- What you will do
Write the records out exactly, so that no picture remains in the copy.

(Records from a data source)
▬▬▬▬▬▬▬▬▬▬

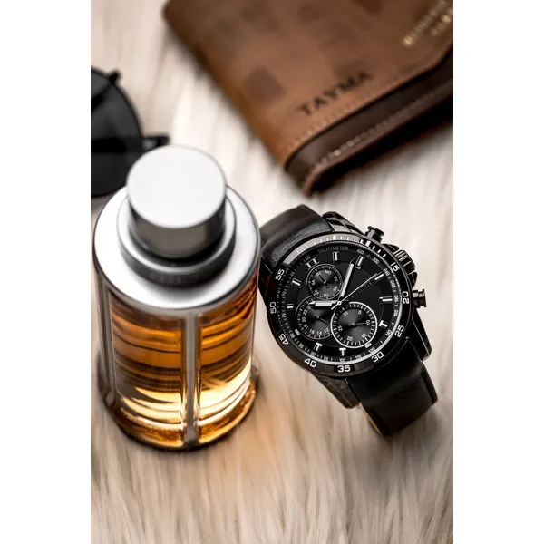 • Színek: fekete számlap és tok, ezüst indexek, fekete szíj
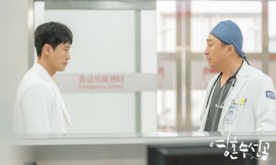 공개된 사진에는 은강병원 정신과 전문의 이시준이 수술복 차림인 응급의학과 전문의와 마주한 모습이 담겼다.
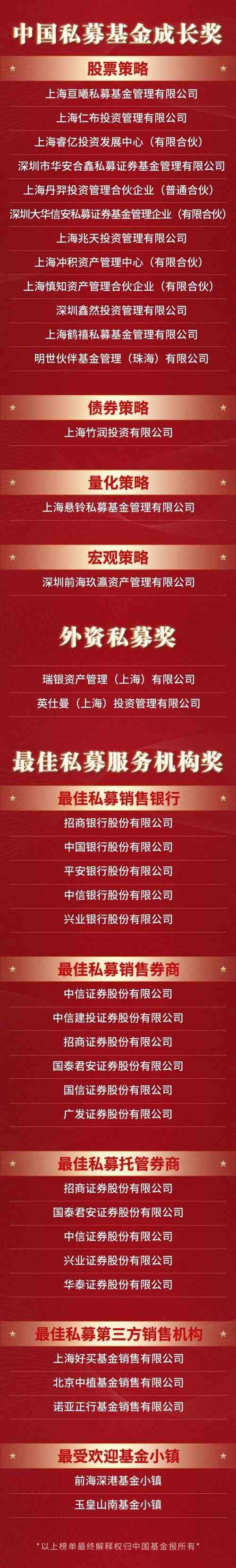 中国私募基金的发展,得到了各类服务机构的大力支持。此次中国基金报还评选出最佳私募服务机构奖项,多家银行、券商、第三方销售以及基金小镇等机构获评。
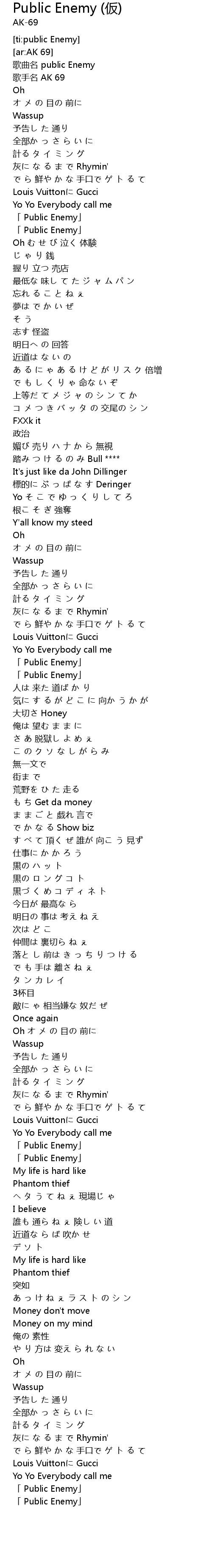 | [02:01.800] | 踏み つ け る の み Bull **** |
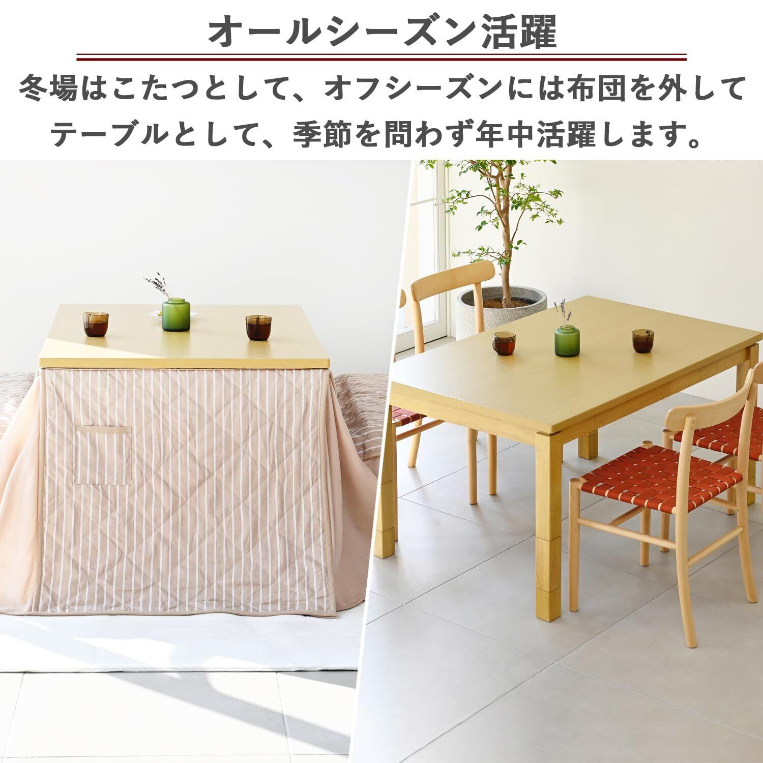 【オールシーズン活躍】ご家族でのご使用にオススメな長方形のこたつテーブル、届いてすぐに使える専用布団セット。寒い冬には足もとをぬくぬく暖めてくれ、夏場にはテーブルとして活躍します。シンプルなデザインなので、どんなお部屋にも馴染みます。

▬▬▬▬▬▬▬▬▬▬

- Written answer
 • Színek: fekete számlap és tok, ezüst indexek, fekete szíj
 공개된 사진에는 은강병원 정신과 전문의 이시준이 수술복 차림인 응급의학과 전문의와 마주한 모습이 담겼다.
 中国私募基金的发展,得到了各类服务机构的大力支持。此次中国基金报还评选出最佳私募服务机构奖项,多家银行、券商、第三方销售以及基金小镇等机构获评。
 | [02:01.800] | 踏み つ け る の み Bull **** |
 【オールシーズン活躍】ご家族でのご使用にオススメな長方形のこたつテーブル、届いてすぐに使える専用布団セット。寒い冬には足もとをぬくぬく暖めてくれ、夏場にはテーブルとして活躍します。シンプルなデザインなので、どんなお部屋にも馴染みます。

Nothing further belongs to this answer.